Der stellvertretende Vorsitzende der FDP Wolfgang Kubicki hat in der Welt am Sonntag erneut gefordert, dass Gesundheitsminister Karl Lauterbach (SPD) den Präsidenten des Robert Koch-Instituts (RKI), Lothar Wieler, entlässt. Hintergrund ist die Evaluierung der Corona-Maßnahmen, die am Freitag veröffentlicht wurde.
Nach Ansicht Kubickis sei nunmehr ein "personeller Neuanfang" innerhalb des Instituts nötig. "Es ist unausweichlich, dass Minister Lauterbach den RKI-Präsidenten Lothar Wieler als Verantwortlichen dieser Misere entlässt", sagte Kubicki zur Welt am Sonntag, wie diese in ihrer heutigen Ausgabe berichtet.
Der FDP-Vize sagte weiter, dass das Datenchaos, das die FDP stets angeprangert habe, mit dem Evaluierungsbericht nun offiziell benannt werde. Die Maßnahmen seien größtenteils unverhältnismäßig und undemokratisch gewesen und "entbehrten häufig jeder wissenschaftlichen Grundlage". Die FDP-Fraktion werde jetzt zügig darüber beraten, was dieser "erschütternde Bericht" für die weitere infektionsrechtliche Diskussion bedeute. Im RKI sei ein "personeller Neuanfang" notwendig, zudem müsse die politische Abhängigkeit der Institution vom Gesundheitsministerium "strukturell gelöst werden".

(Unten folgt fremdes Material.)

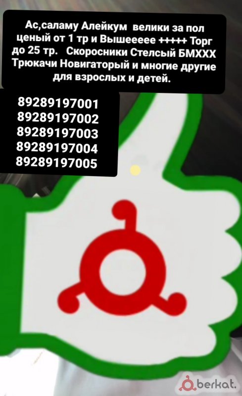 Продаю велосипеды по 5т Состояние отличное ,дукх хьикха велосипедаш яц Они у меня просто стояли ,как так мы живем рядом с трассой и не разрешали кататься Из-за ,того что стояли ,одно колесо спущено Покупали недавно +7 938 011‑11‑40(Звонить строго по этому номеру )
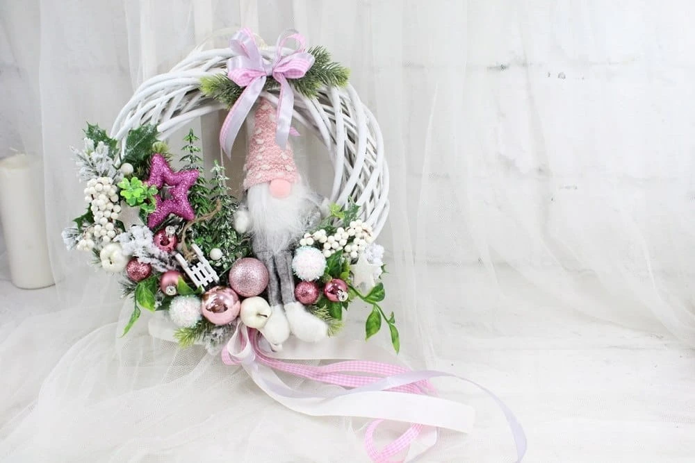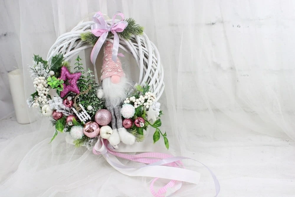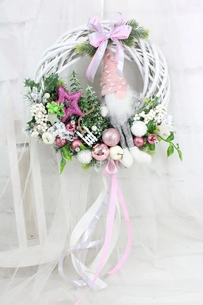 Wianek świąteczny wieniec stroik na drzwi ozdoba domu skrzat
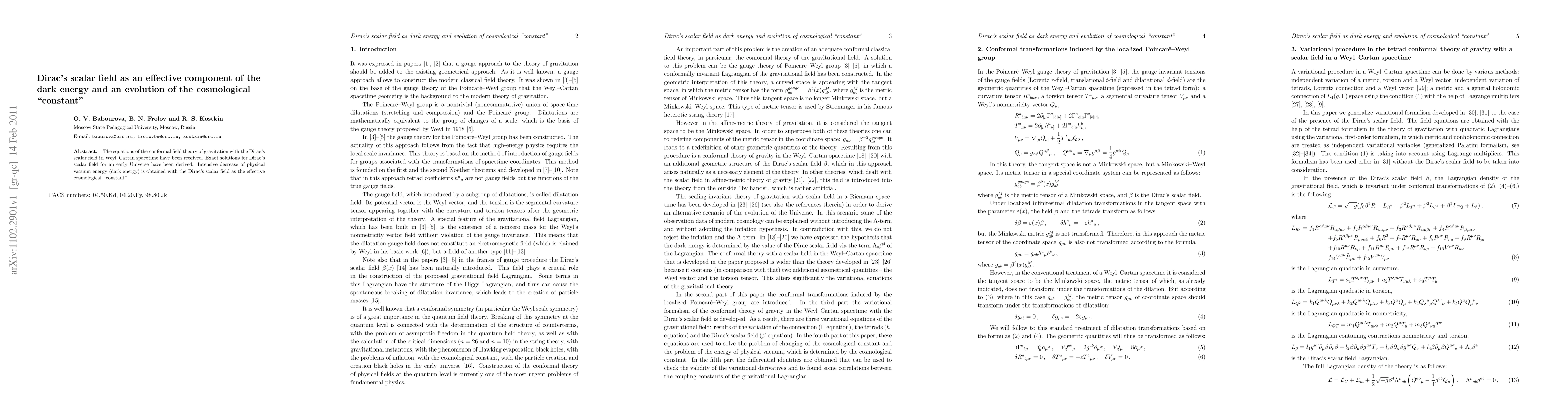 Research finds that Dirac's scalar field can explain a decrease in dark energy, acting as an effective cosmological constant.
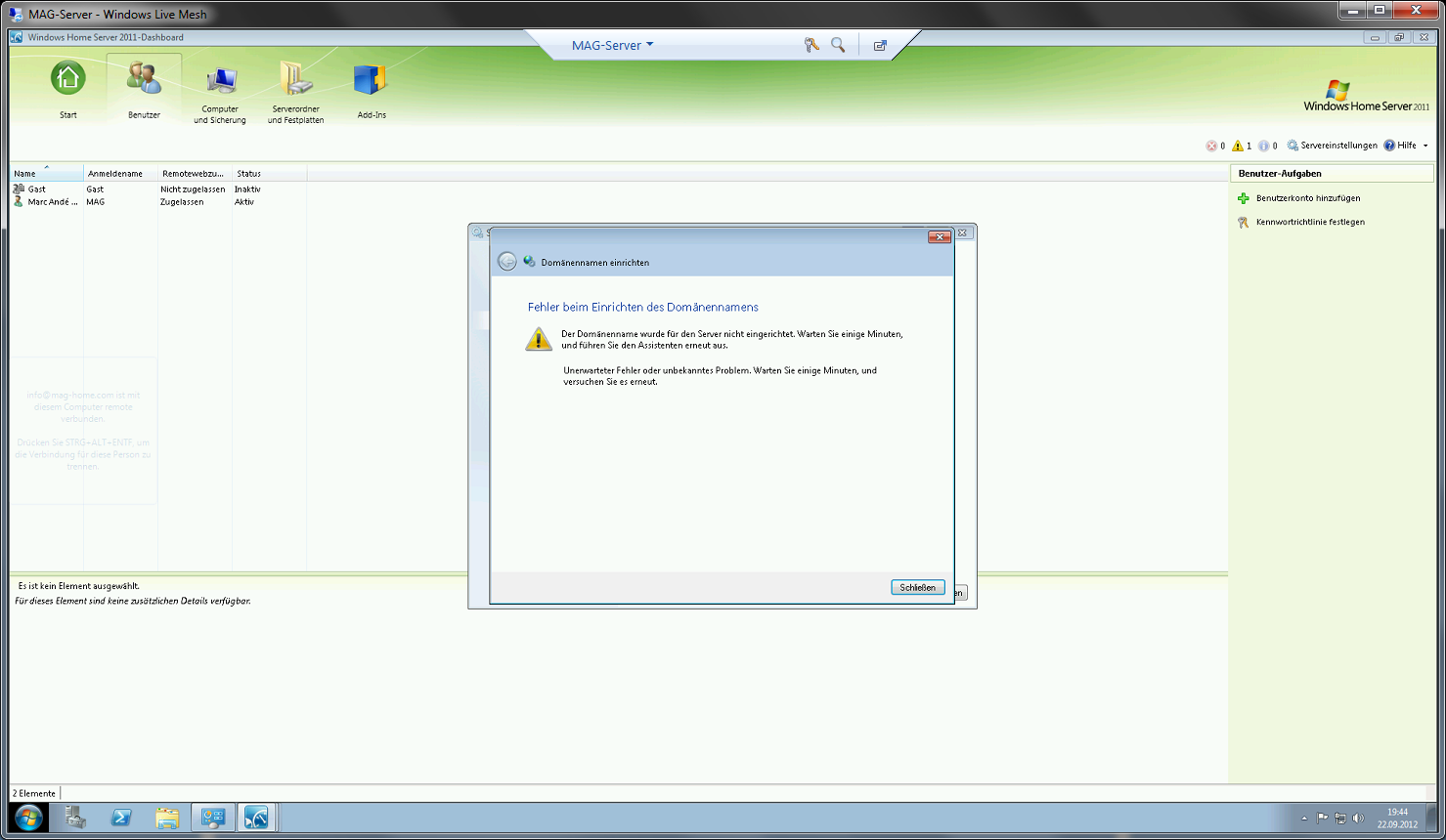 Ich habe in Problem mit mein neuen WHS 2011, Installation lief Ordnungsgemäßohne Fehler, ansich läuft der Server auch Startet aber die Client Rechneröffnen nicht die Connector Seite und der Server läst sich unterServereinstellungen unter Remotewebzugriff den Dmänennamen nicht einrichten, Loginin Windows Live geht noch Domain aussuchen auch, aber wenn er sie Einrichtensoll kommt ein unbekannter Fehler. Updates wurde alle schon installiert. Es wurden auch noch keine Rollen oder Dienste oder Co. gändert ist bis auf Treiber noch jungfreulich.
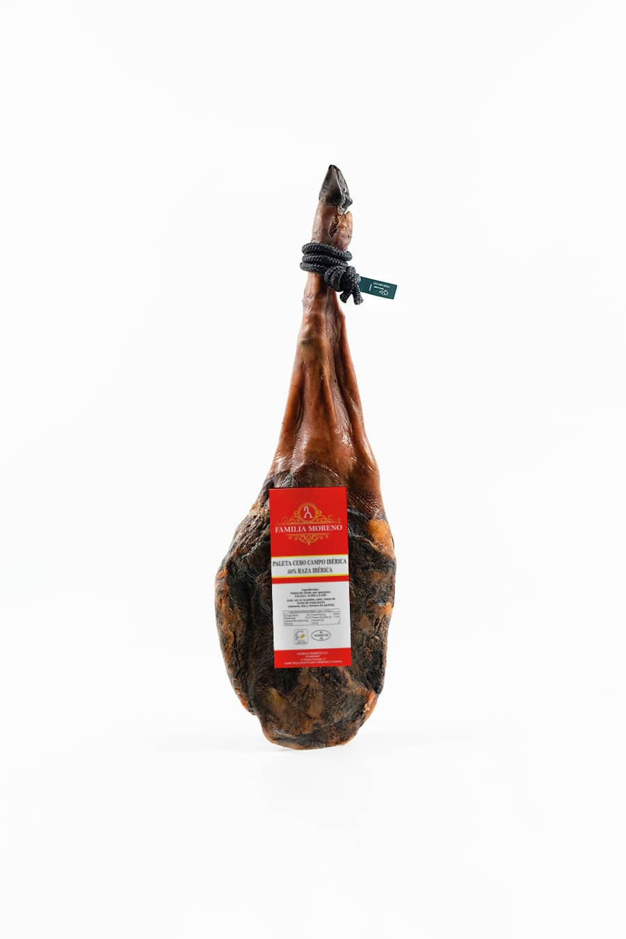 Las paletas de Familia Moreno S.L. proceden de cerdos de cebo de campo 50% raza ibérica y seleccionados de entre las mejores estirpes y “engordados” en la comarca del Valle de Los Pedroches.
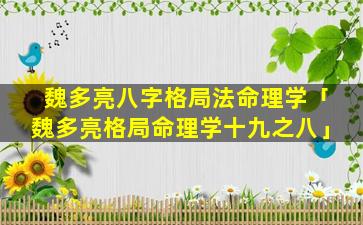魏 🦄 多亮 🌿 格局命理学十九之八

In dem am Freitag vorgestellten Evaluationsbericht der Expertenkommission wird den Corona-Maßnahmen und dem Robert-Koch-Institut ein desaströses Zeugnis ausgestellt: Die Datenlage sei unzureichend gewesen und für die Wirksamkeit der Maßnahmen gebe es kaum Evidenz.
Besonders kritisch sahen die Experten die Schulschließungen in der ersten Phase der "Pandemie". Die "genaue Wirksamkeit von Schulschließungen auf die Eindämmung der Ausbreitung des Coronavirus" sei fraglich. Während nicht bekannt ist, ob Schulschließungen die Verbreitung des Coronavirus eindämmen konnten, hatten gerade diese zu massiven Kollateralschäden geführt. Laut Bericht waren die Folgen dieser Maßnahme auf das psychische Wohlbefinden der Schüler "immens".
Dem Sachverständigenausschuss, der je zur Hälfte von Bundesregierung und Bundestag besetzt wurde, gehören Wissenschaftler verschiedener Fachrichtungen an, darunter Virologen, Juristen und Naturwissenschaftler. Die Evaluierung sollte vor allem die Maßnahmen im Rahmen der "epidemischen Lage von nationaler Tragweite" analysieren. Aus dem Expertenrat war zuvor bereits signalisiert worden, dass bis zum Ablauf der Frist Ende Juni keine "Vollevaluierung aller Maßnahmen" zu leisten sei.